:: SUPPLIED INFORMATION

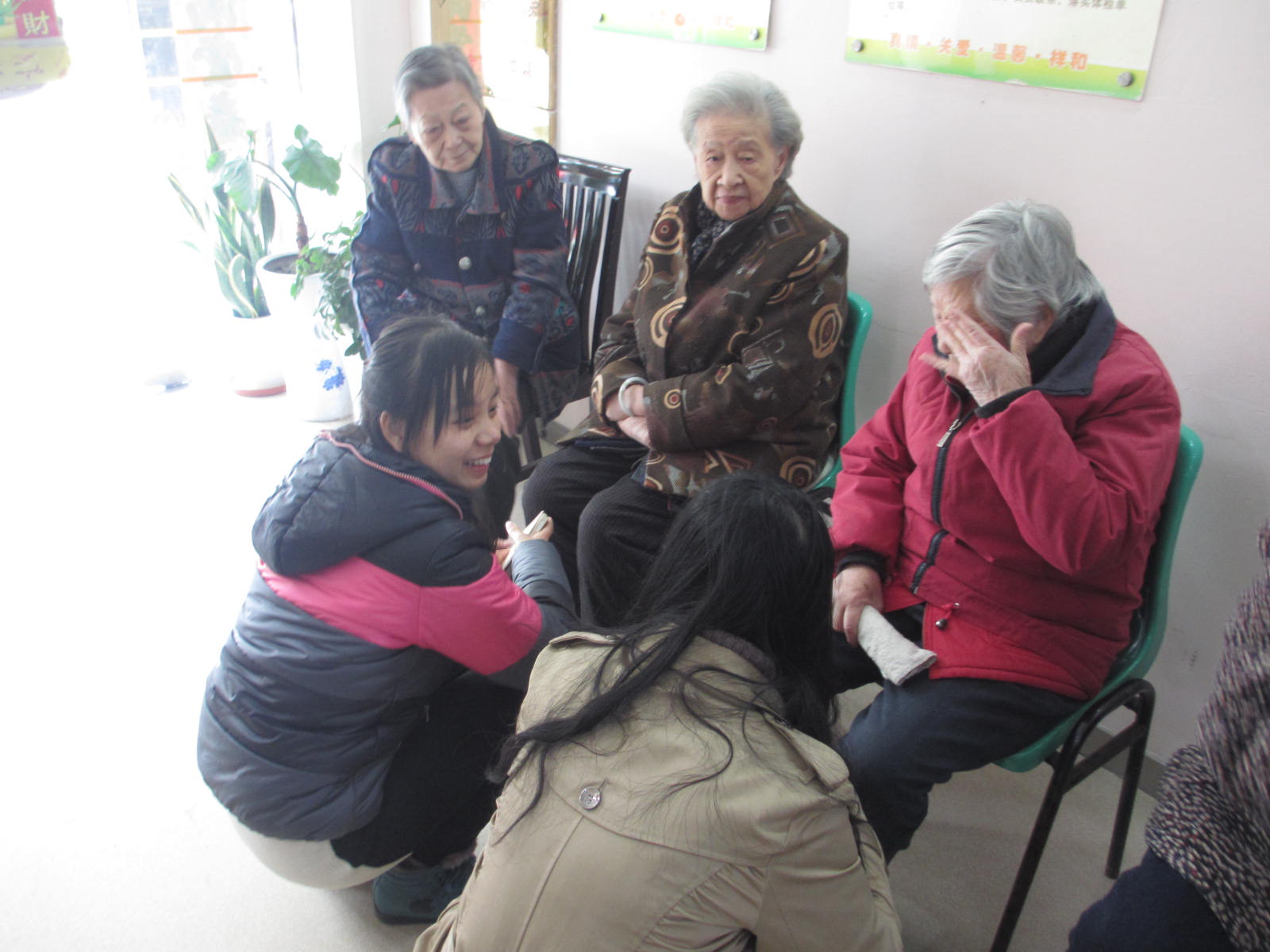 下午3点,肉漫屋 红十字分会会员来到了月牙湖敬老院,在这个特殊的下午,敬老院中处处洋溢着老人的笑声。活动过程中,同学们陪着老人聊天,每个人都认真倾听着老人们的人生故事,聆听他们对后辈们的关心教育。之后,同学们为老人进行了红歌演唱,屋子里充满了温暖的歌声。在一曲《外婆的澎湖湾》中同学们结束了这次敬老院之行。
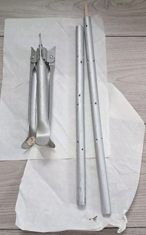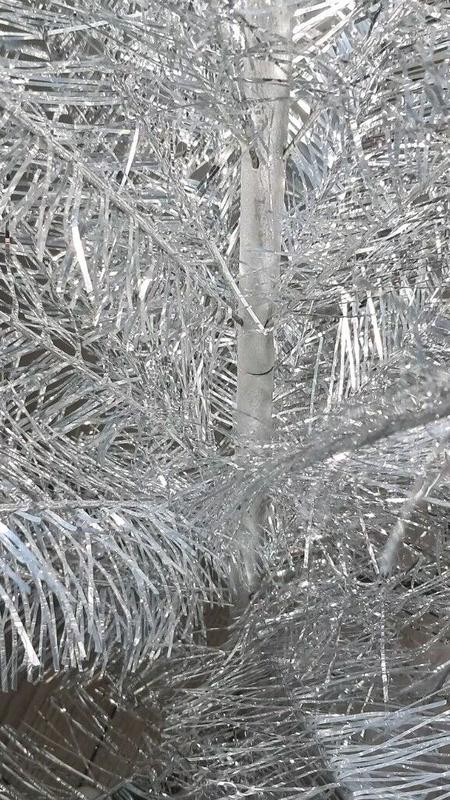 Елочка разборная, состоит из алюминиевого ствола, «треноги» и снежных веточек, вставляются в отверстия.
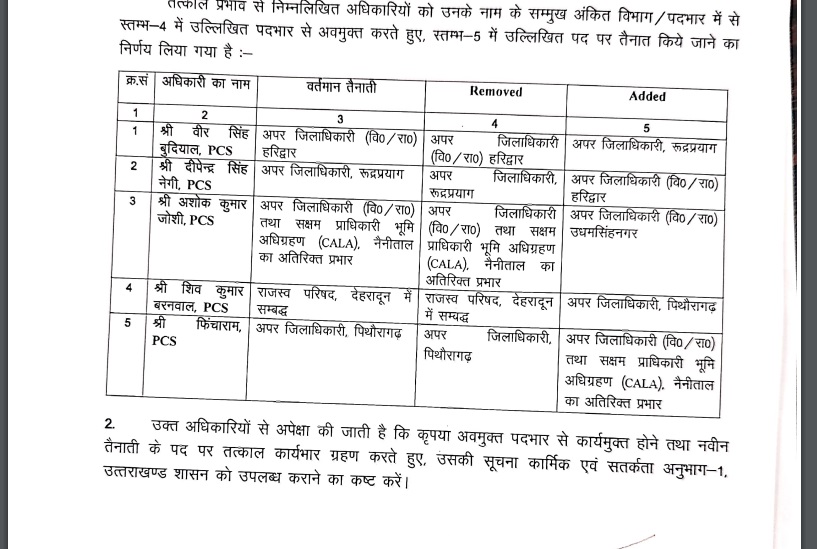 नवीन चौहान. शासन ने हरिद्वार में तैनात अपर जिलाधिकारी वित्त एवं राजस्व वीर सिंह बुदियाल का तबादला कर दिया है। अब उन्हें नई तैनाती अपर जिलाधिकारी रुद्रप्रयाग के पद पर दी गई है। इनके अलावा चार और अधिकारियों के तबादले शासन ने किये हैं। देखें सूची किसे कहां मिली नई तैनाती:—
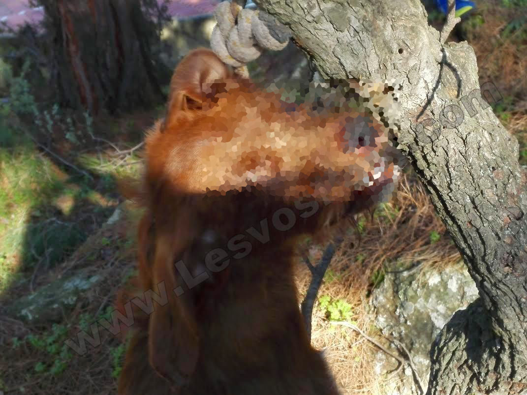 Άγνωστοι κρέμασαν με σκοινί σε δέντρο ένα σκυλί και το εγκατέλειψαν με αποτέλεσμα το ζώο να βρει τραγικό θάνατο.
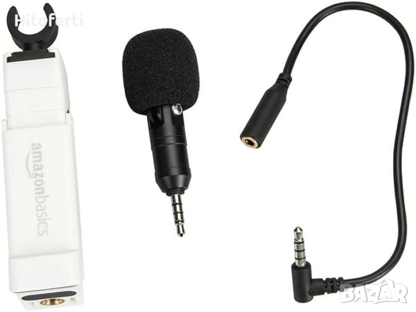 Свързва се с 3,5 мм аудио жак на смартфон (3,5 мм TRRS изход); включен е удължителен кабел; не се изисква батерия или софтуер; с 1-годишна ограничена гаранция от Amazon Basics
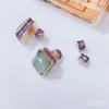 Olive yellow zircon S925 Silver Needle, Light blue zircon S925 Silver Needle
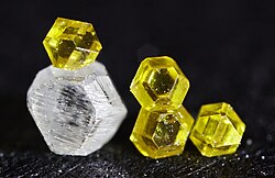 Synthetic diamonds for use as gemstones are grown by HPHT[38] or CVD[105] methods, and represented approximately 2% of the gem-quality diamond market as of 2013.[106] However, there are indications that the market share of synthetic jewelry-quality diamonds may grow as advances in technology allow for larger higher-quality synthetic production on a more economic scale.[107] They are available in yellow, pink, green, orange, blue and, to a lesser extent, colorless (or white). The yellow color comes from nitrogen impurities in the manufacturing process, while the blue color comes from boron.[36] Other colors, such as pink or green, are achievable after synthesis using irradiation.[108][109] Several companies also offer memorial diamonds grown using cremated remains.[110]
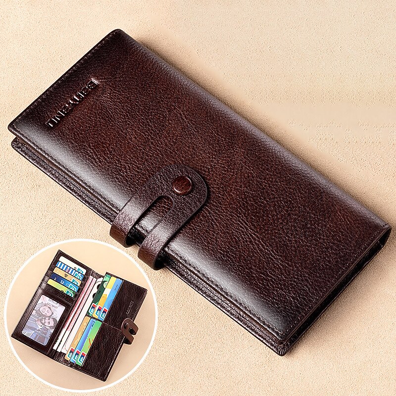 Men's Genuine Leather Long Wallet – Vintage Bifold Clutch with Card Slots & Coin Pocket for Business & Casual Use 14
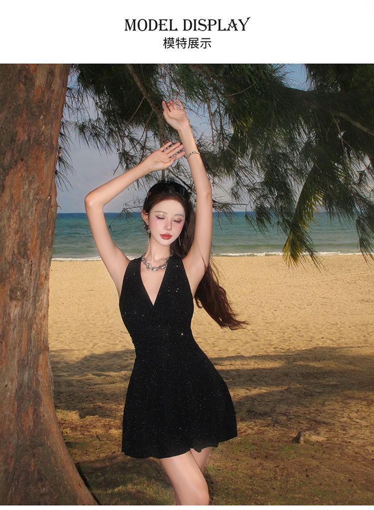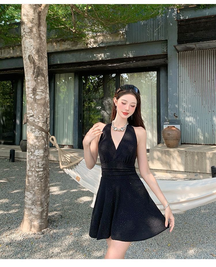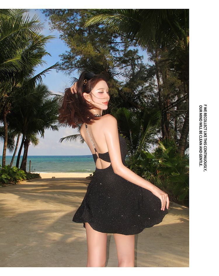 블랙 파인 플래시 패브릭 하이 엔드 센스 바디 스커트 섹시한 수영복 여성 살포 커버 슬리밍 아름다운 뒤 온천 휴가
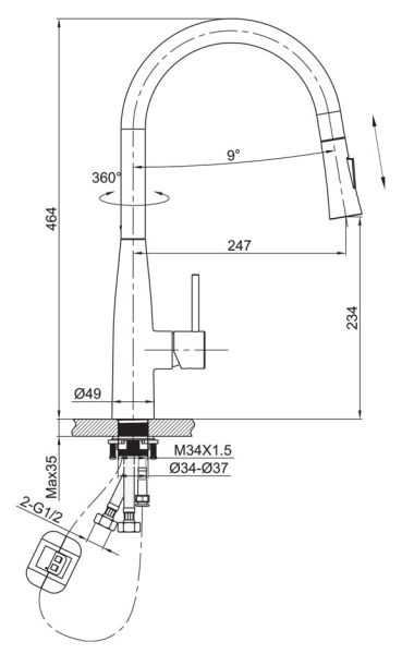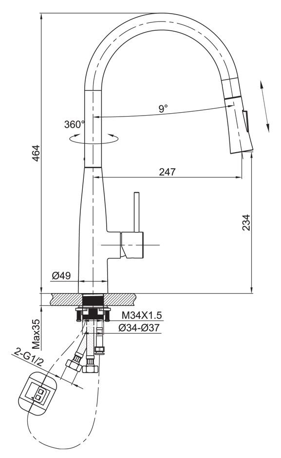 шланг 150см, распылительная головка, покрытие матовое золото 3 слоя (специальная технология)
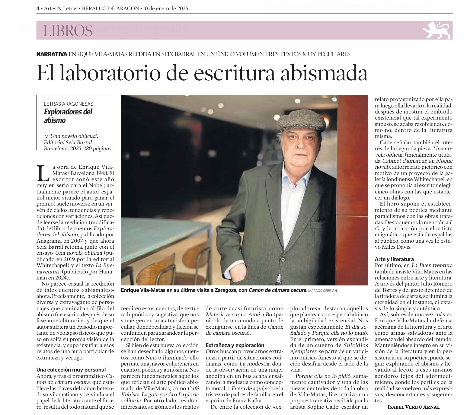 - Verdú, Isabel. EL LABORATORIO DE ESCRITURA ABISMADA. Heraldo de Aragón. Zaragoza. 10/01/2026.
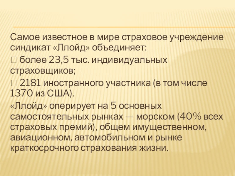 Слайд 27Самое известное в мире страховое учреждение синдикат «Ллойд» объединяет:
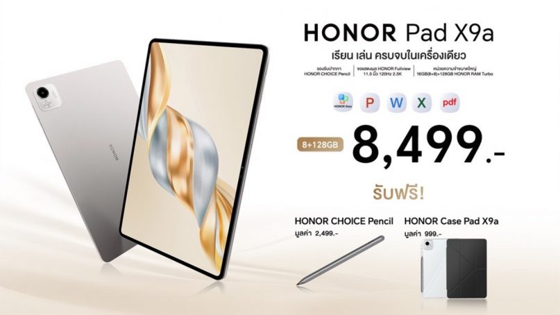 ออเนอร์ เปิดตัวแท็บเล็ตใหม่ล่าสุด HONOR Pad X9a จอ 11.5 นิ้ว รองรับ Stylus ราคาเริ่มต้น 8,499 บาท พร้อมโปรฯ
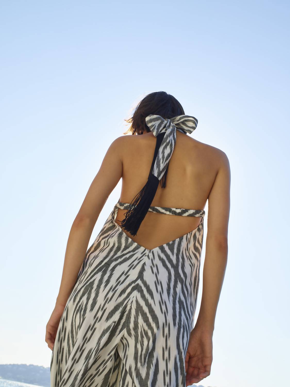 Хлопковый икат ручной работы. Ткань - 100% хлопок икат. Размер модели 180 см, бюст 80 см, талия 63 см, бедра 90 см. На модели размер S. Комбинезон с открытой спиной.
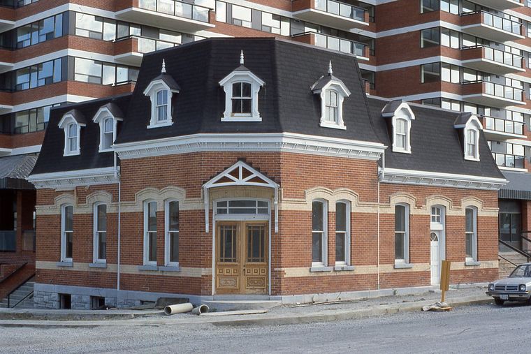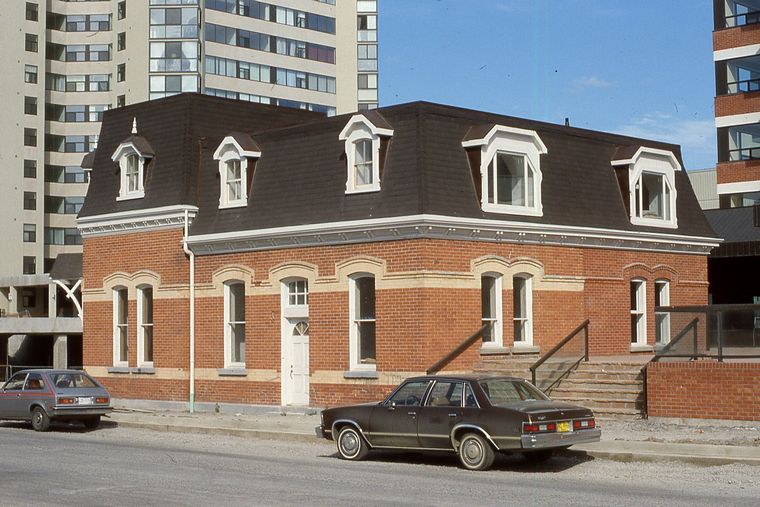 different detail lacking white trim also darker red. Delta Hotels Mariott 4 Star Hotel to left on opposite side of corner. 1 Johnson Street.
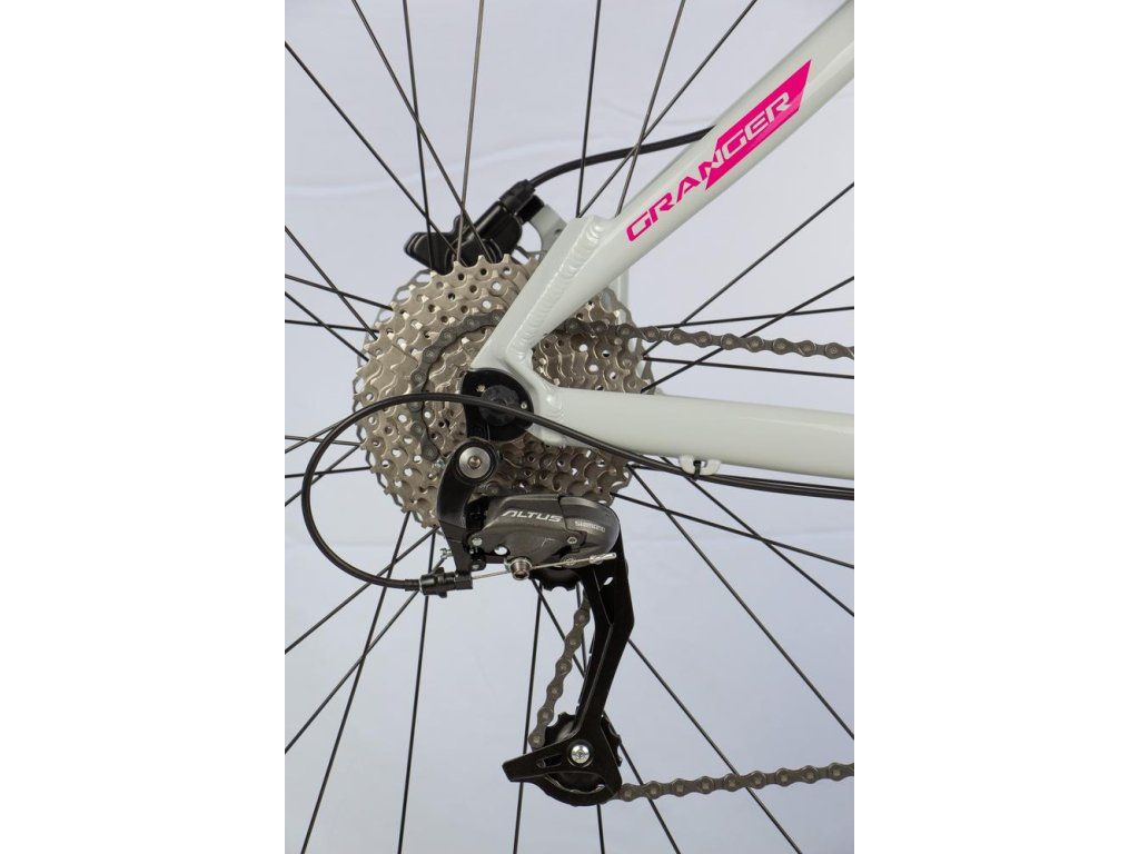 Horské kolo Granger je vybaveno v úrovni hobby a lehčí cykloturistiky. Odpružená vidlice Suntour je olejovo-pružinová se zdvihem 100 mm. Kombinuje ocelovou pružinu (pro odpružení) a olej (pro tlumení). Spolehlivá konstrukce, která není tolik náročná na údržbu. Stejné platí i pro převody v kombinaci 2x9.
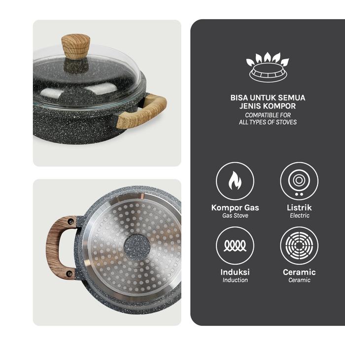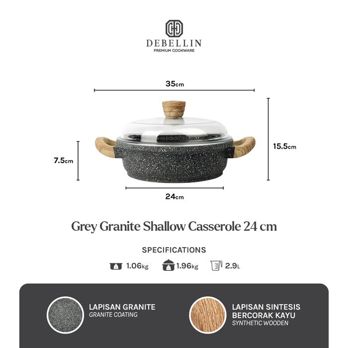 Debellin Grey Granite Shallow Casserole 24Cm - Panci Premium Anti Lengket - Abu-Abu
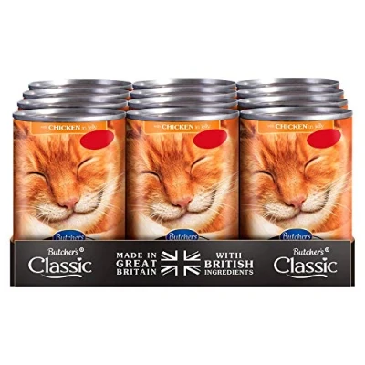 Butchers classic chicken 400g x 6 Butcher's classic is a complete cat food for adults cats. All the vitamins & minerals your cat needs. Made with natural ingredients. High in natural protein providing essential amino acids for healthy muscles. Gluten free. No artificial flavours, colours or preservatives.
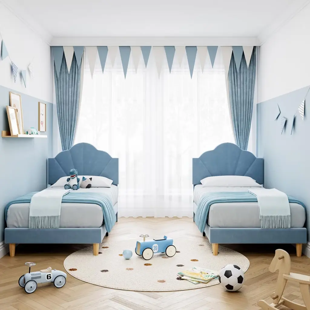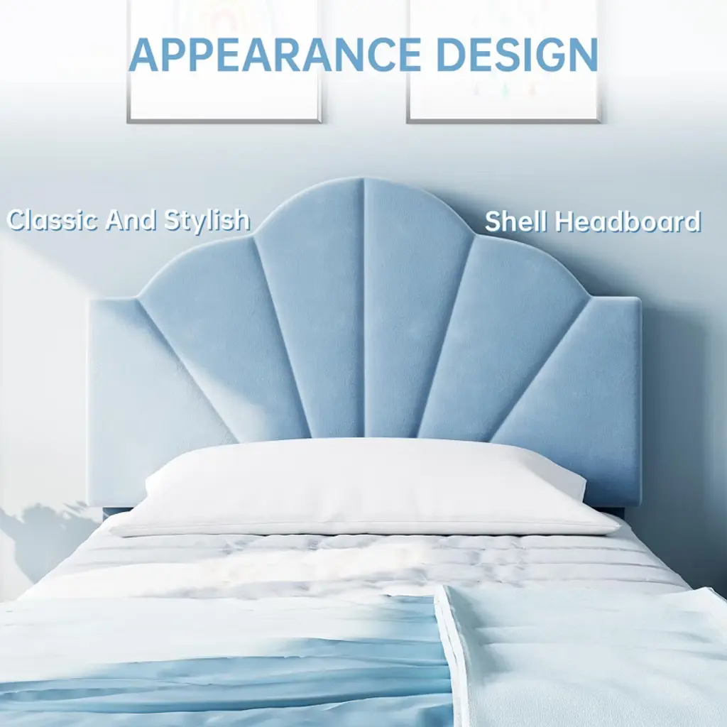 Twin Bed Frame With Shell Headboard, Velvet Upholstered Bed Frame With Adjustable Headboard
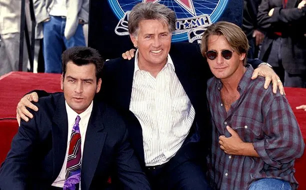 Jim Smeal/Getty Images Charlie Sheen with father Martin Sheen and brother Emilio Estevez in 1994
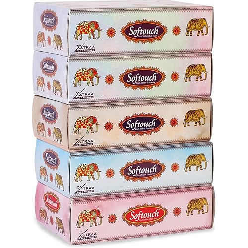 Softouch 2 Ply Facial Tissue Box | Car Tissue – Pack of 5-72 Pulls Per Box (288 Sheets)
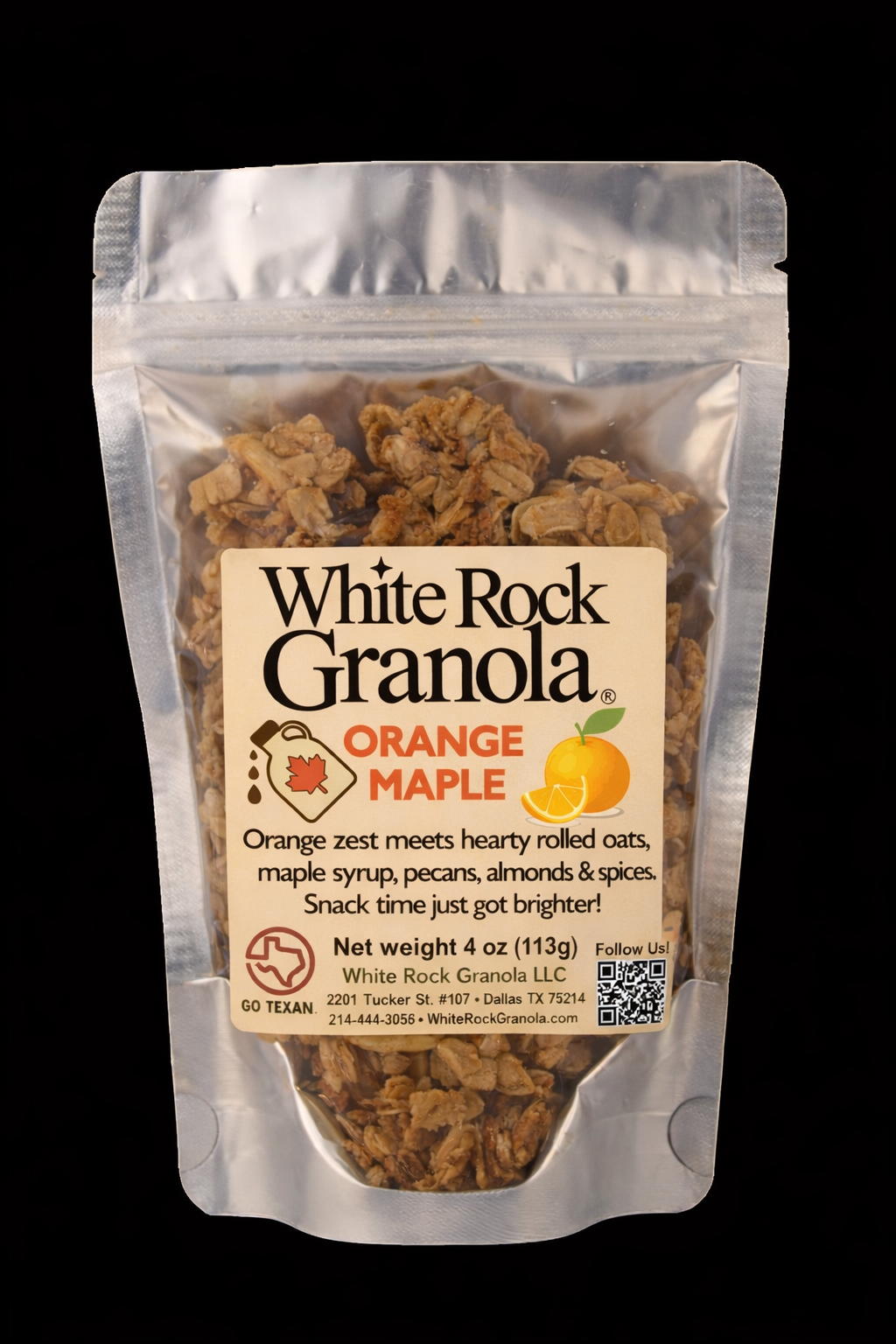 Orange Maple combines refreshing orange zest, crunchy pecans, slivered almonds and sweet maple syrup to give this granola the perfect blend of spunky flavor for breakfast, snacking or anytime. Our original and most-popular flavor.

::::

EXERCISE DIRECTIONS: Above are some records; extract exactly the lines from the one containing "Хлопковый икат ручной" through the one containing "Debellin Grey Granite" and drop the pictures.

OUTPUT FOR THIS EXERCISE:
 Хлопковый икат ручной работы. Ткань - 100% хлопок икат. Размер модели 180 см, бюст 80 см, талия 63 см, бедра 90 см. На модели размер S. Комбинезон с открытой спиной.
 different detail lacking white trim also darker red. Delta Hotels Mariott 4 Star Hotel to left on opposite side of corner. 1 Johnson Street.
 Horské kolo Granger je vybaveno v úrovni hobby a lehčí cykloturistiky. Odpružená vidlice Suntour je olejovo-pružinová se zdvihem 100 mm. Kombinuje ocelovou pružinu (pro odpružení) a olej (pro tlumení). Spolehlivá konstrukce, která není tolik náročná na údržbu. Stejné platí i pro převody v kombinaci 2x9.
 Debellin Grey Granite Shallow Casserole 24Cm - Panci Premium Anti Lengket - Abu-Abu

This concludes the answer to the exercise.